Thursday, July 16, 2009

31 May 2009 - Day 1: Hastings to Bexhill

Hastings
10.15 am


Unloading the bike from the car, the back tyre is flat and won't hold air. Disaster looms, when miraculously Tom and Laurie from my Breathe Easy group arrive to represent our Breathe Easy Canterbury group.






Tom has wine, a Breathe Easy banner, and most importantly inner tube skills. He sets about mending the tyre, while three members of Hastings Urban Bikes arrive - Melanie, Sheena and Bernie - who will be riding with me to Bexill. Brook and Valerie, friends from home, also turn up. While Tom is mending the tyre, I meet folk from Hastings Urban Bonfire Group and exchange details about our plans.






















11.30 a.m.
Departure

26C, 29% humidity, wind north-easterly but changeable.

O.S. Explorer Map No. 124
Distance cycled: 5.2 miles




















We cycle along the promenade, passing Hastings landmarks: the pier which is locked, lonely and unsafe, and Marine Court - flats built in the thirties to represent the luxory of the Queen Mary liner.










































We pass rocks called Goat Ledge, and close to Bexhill, My Lord's Rock.


Pedalling feels harder than I expected. I'm not even carrying the weight of the tent as this is being delivered to Bexhill by Rita. With a following wind and a level surface I still don't have enough oxygen to speak. After small but quite steep section of the A259 where I have to get off and push, we arrive for a rest at the Beach Cafe and I realise the front brakes are locked onto one side of the tyre. Bernie adjusts them so after a drink we carry on around Galley Point along the top of the sea defence wall and onto the Bexhill pier, passing the Bexhill 100 Motor Club's vintage car exhibition on the way, with crowds cheering its organiser.


My companions recommend the Colonnades cafe below the de la Warr Pavilion as cheaper by far. And so it turns out to be. This part of Bexhill is alive with a delightful chaos of architectural styles, from the art deco of the Pavilion to nearby minarets influenced by the Maharajah of Cooch Behar at the turn of the last century.


















Sheena departs for a Hastings Area Archeological Research Group Roman dig she is expected at, while Bernie cycles on to visit his daughter-in-law who has a beach hut further on.
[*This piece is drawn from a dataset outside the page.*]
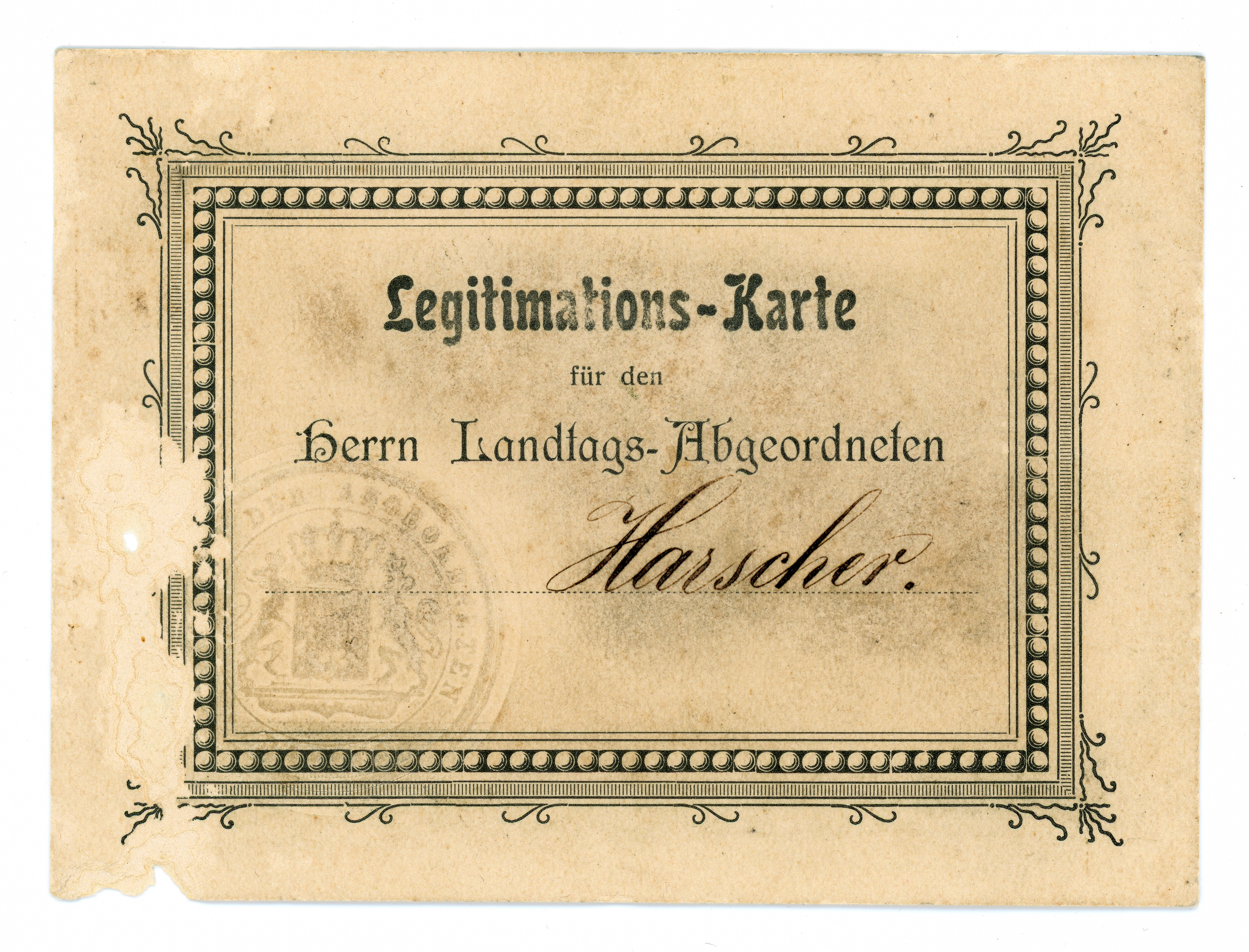 | Beschreibung | Legitimationskarte für den ehem. Landtagsabgeordneten Georg Harscher für den Bay. Landtag, ca. 1911 | ||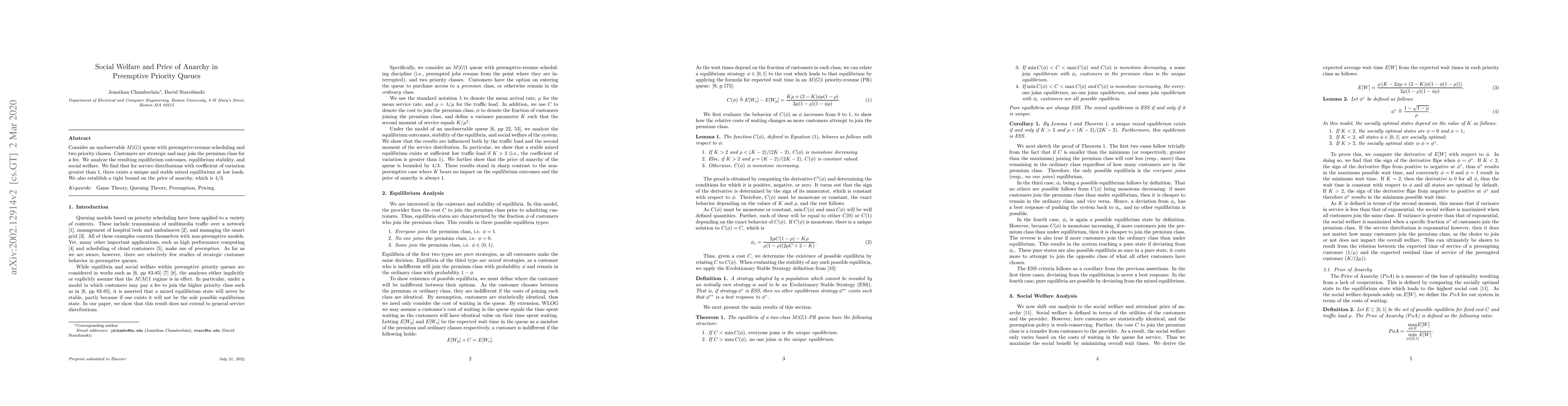 This paper examines a preemptive priority queue with two classes where customers can opt for a premium class for a fee. It finds a unique stable mixed equilibrium at low loads and establishes a price of anarchy bound of $4/3$ for service distributions with a coefficient of variation greater than 1.

When he returns he speaks of his father, a fireman who never smoked yet died from emphysema, at a time when there was little awareness of the pollutant nature of smoke and ash from fires.

Above the Colonnades is the de la Warr Pavilion where we meet Rosemary and Laurie who have driven out from East Kent.
















Laurie Duggan is an Australian poet whose work is grounded in his walks and other travels.

After dropping my bike and baggage with Mary, who I will stay with tomorrow night, we head back for Whitstable, listening to Edward Thomas' "Roads", and "The road not travelled" by Robert Frost on the radio.

There is a party at home in Whitstable that I don't want to miss at the new Salt Marsh restaurant (01227 272955), just opened by Tony Tarratts who also runs the "achingly rustic" cafe - a true community hub at the other end of our road.
















A big thank you to the Hastings Urban Bike people - Sheena, Bernie and Melanie, the rides co-ordinator - for supporting my first day's ride. I hope we meet again.